Extracted data:
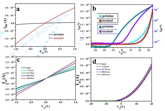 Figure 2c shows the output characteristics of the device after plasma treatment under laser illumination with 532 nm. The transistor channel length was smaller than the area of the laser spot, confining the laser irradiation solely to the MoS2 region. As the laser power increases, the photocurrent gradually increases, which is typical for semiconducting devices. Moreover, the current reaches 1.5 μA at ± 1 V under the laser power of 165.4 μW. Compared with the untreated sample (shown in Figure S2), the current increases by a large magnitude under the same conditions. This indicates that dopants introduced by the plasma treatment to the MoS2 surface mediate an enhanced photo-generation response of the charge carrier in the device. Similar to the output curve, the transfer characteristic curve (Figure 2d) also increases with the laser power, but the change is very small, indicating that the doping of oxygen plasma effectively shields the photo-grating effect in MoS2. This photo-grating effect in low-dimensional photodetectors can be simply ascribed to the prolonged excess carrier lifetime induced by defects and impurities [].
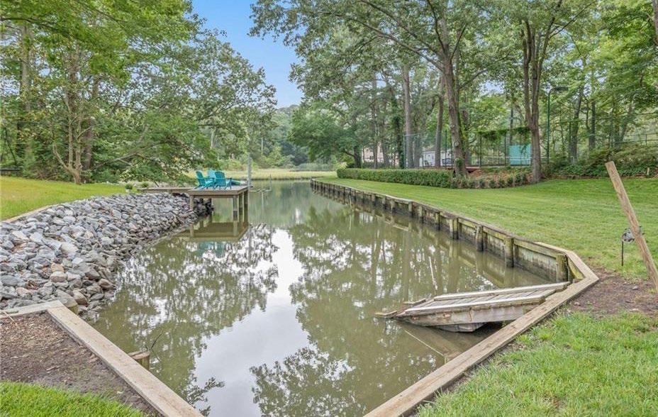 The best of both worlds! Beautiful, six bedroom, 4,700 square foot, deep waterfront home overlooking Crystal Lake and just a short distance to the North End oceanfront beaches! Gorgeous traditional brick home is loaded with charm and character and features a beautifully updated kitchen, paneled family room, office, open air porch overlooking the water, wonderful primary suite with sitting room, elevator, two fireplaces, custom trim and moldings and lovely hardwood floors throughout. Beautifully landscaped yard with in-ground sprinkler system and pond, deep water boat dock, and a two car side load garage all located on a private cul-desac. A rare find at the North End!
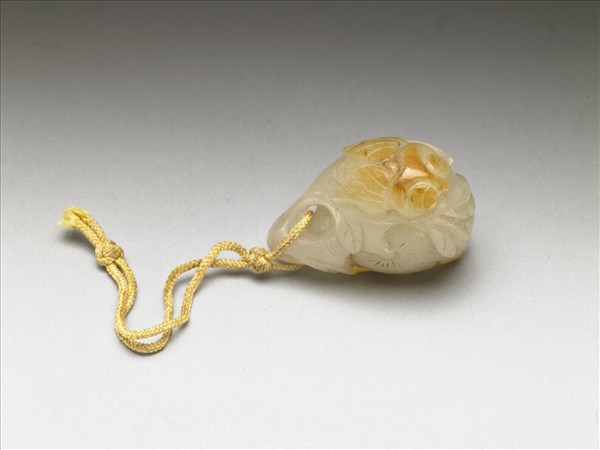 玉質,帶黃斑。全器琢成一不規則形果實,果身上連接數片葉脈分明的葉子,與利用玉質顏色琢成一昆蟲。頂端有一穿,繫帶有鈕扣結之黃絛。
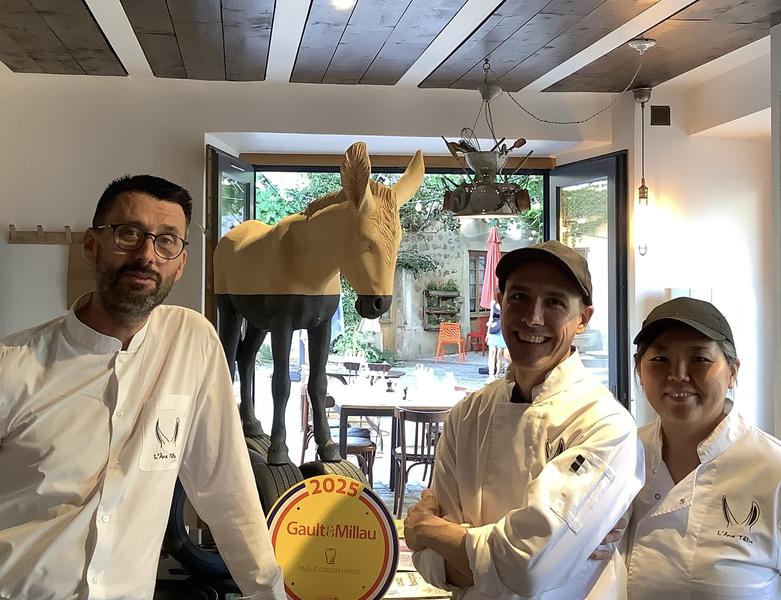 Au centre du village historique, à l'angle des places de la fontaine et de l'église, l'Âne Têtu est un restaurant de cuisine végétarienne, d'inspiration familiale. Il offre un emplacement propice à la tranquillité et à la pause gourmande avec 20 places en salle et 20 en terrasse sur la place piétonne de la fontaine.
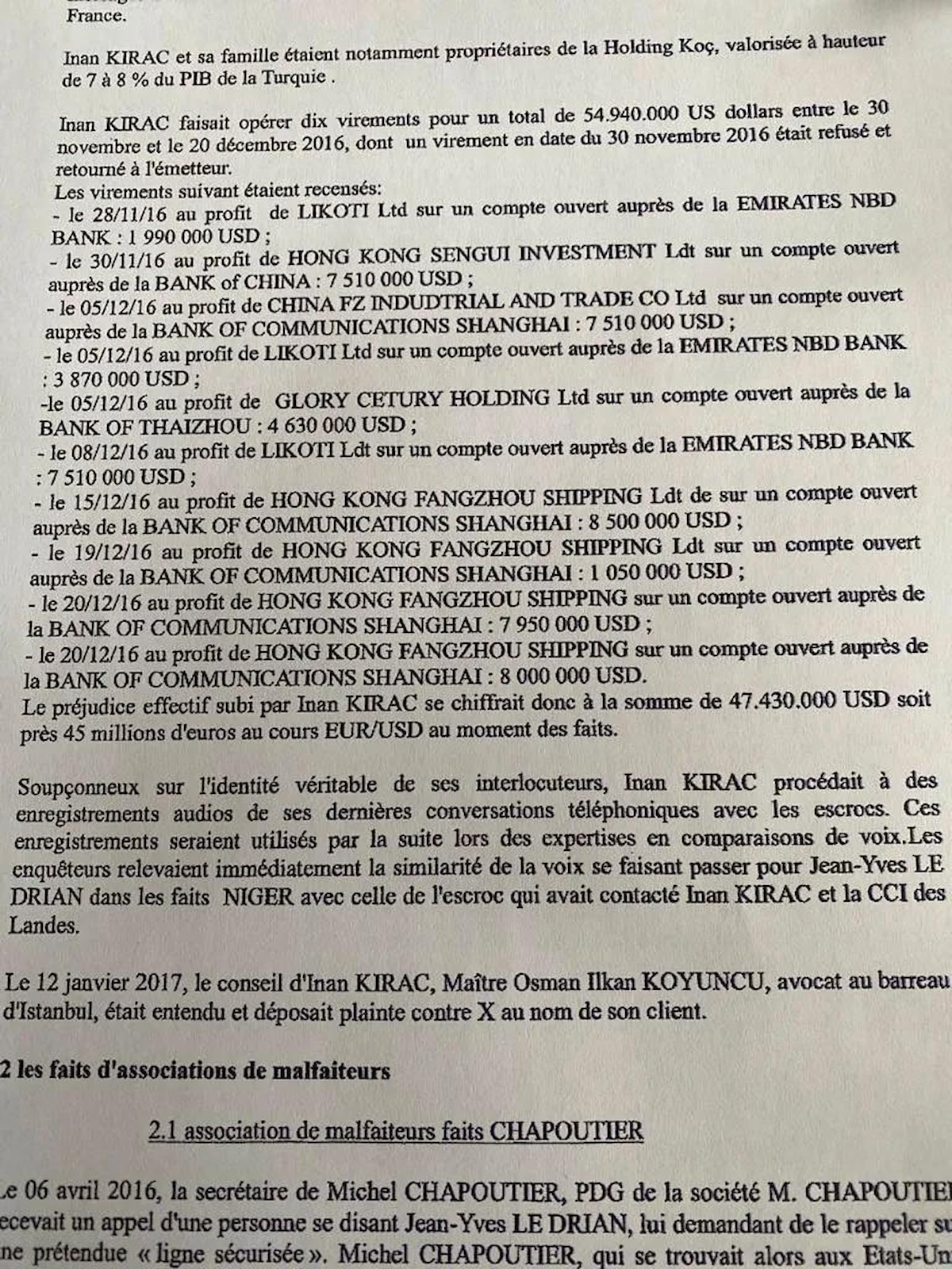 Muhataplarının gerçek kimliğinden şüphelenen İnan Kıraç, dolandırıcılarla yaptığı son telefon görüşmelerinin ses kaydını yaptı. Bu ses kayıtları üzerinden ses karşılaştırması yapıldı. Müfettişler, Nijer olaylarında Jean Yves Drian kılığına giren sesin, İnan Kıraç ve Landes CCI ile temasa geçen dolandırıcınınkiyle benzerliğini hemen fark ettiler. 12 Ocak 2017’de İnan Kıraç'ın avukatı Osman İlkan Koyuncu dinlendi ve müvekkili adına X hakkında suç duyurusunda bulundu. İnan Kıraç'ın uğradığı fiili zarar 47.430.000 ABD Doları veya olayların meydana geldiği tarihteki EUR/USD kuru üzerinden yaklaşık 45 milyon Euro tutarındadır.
--
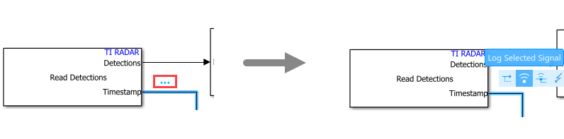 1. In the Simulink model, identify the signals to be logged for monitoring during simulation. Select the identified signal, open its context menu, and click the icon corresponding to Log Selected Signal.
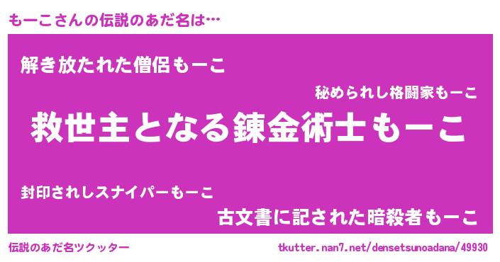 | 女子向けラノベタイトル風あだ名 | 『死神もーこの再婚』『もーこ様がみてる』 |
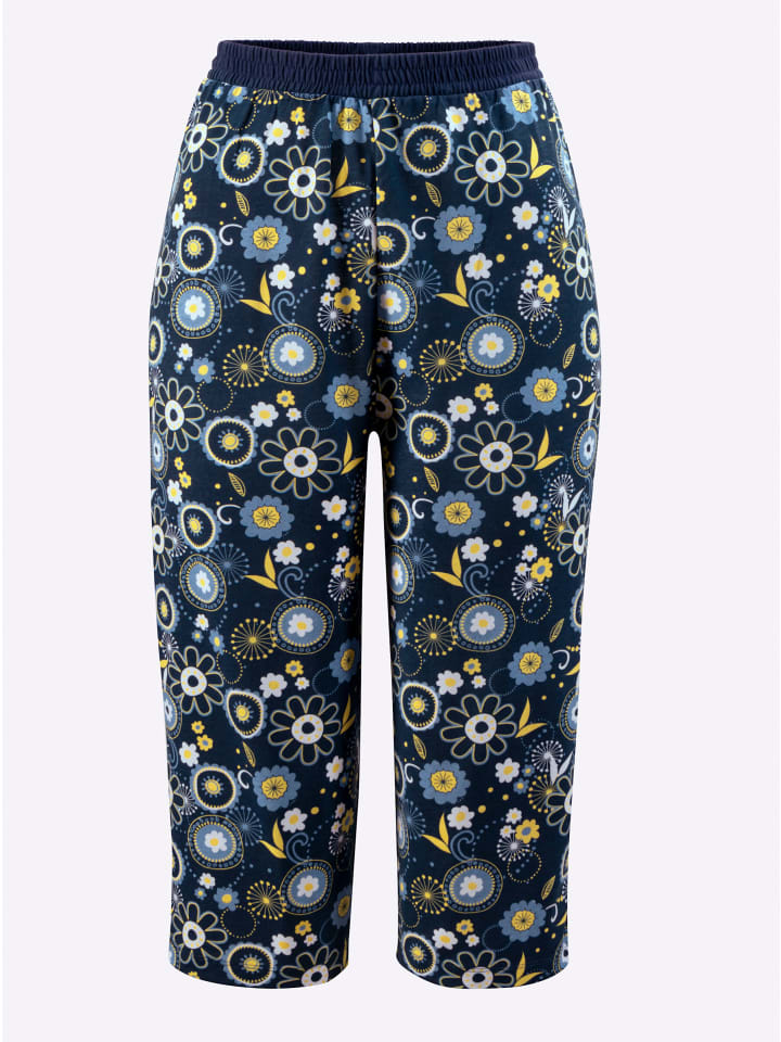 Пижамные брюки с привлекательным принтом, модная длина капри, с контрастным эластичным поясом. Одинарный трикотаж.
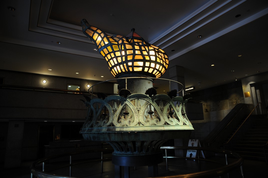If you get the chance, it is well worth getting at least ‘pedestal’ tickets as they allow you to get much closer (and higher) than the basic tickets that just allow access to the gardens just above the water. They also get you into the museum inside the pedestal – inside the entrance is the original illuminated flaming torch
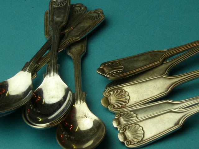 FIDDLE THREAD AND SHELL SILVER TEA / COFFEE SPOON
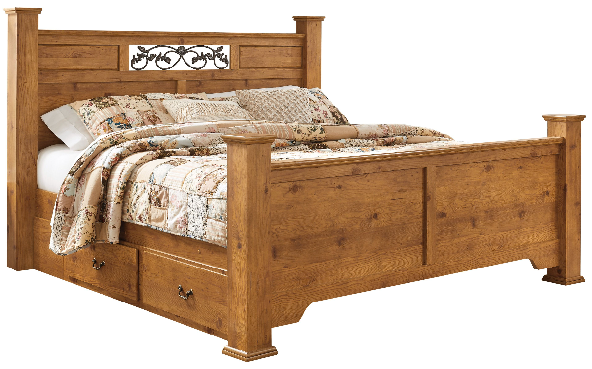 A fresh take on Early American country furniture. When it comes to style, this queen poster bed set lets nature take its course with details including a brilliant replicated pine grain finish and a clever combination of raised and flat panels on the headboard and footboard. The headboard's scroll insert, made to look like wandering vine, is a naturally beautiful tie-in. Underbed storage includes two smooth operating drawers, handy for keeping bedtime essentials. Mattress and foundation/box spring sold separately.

Directions for this task: Nothing but the lines above, starting at the line that contains "The best of" and ending at the line that contains "玉質,帶黃斑。全器琢成一不規", should be given again, exactly and without the pictures.

Answer for this exercise:
 The best of both worlds! Beautiful, six bedroom, 4,700 square foot, deep waterfront home overlooking Crystal Lake and just a short distance to the North End oceanfront beaches! Gorgeous traditional brick home is loaded with charm and character and features a beautifully updated kitchen, paneled family room, office, open air porch overlooking the water, wonderful primary suite with sitting room, elevator, two fireplaces, custom trim and moldings and lovely hardwood floors throughout. Beautifully landscaped yard with in-ground sprinkler system and pond, deep water boat dock, and a two car side load garage all located on a private cul-desac. A rare find at the North End!
 玉質,帶黃斑。全器琢成一不規則形果實,果身上連接數片葉脈分明的葉子,與利用玉質顏色琢成一昆蟲。頂端有一穿,繫帶有鈕扣結之黃絛。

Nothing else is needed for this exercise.